Пытаясь придать происходящему наилучшее выражение, Брекенридж заставил персонажа своего рассказа — фокусника — объяснить, что «в каждом правительстве есть патрицианское сословие, против которого, естественно, воюет дух толпы: Отсюда вечная война: аристократы пытаются ущемлять народ, а народ пытается ущемлять себя. И это правильно, — сказал фокусник, — ведь благодаря такому брожению дух демократии сохраняется». Поскольку, казалось, никто ничего не мог поделать с этой «вечной войной», Брекенриджу пришлось смириться с тем, что «простые люди больше склонны доверять представителям своего класса, чем тем, кто может казаться выше их». В конце концов, не в силах отречься от народа и убежденный в том, что «представители должны поддаваться предрассудкам своих избирателей даже вопреки собственным суждениям», Брекенридж стал умеренным джефферсоновским республиканцем.[557]

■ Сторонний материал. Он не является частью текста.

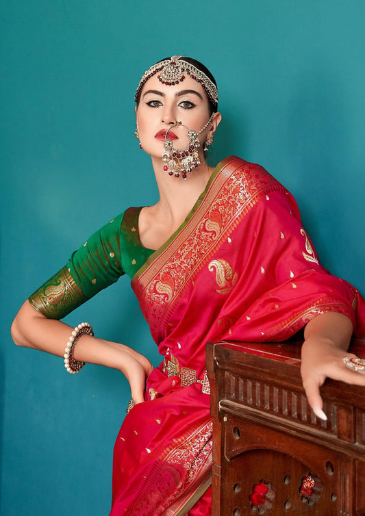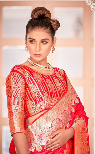Appealing Pink Color Soft Soft Silk Copper Weaving Saree For Women

Такие федералисты, как Роберт Моррис и Джеймс Уилсон, не были столь снисходительны к духу демократии, как оказался Брекенридж, а поскольку они выставляли напоказ своё патрицианское превосходство в большей степени, чем Брекенридж, Финдли был ещё более решительно настроен сбить их с их высоких лошадей. Во время дебатов о повторном учреждении Североамериканского банка в ассамблее Пенсильвании в 1786 году Финдли обвинил Морриса в том, что тот имеет корыстный интерес в банке и использует его для приобретения богатства для себя. Сторонники банка были его директорами или акционерами и поэтому не имели права утверждать, что они беспристрастные судьи, решающие только то, что хорошо для штата.
Однако Финдли и его товарищи, выступавшие против банка на Западе, не стремились зарекомендовать себя бескорыстными политиками. Все, чего они хотели, — это больше не слышать надуманных патрицианских речей о добродетели и бескорыстии. Они не возражали против того, чтобы Моррис и другие акционеры были заинтересованы в повторном аккредитовании банка. «Любой другой в их ситуации… поступил бы так же, как они». Моррис и другие законодатели, выступающие за банк, — сказал Финдли, — «имеют право отстаивать свою собственную позицию в этом доме». Но тогда они не смогут протестовать, когда другие поймут, «что это их собственное дело, которое они отстаивают; и отдавать должное их мнению, и думать об их голосах соответственно». Действительно, сказал Финдли в одном из самых замечательных предвидений современной политики, сделанных в этот период, такое открытое продвижение интересов обещало положить конец тому, что он теперь считал архаичной идеей, что политические представители должны просто стоять, а не баллотироваться на выборах. Когда у кандидата в законодательные органы «есть собственное дело, которое он может отстаивать», — говорил Финдли, — «интерес будет диктовать уместность агитации за место».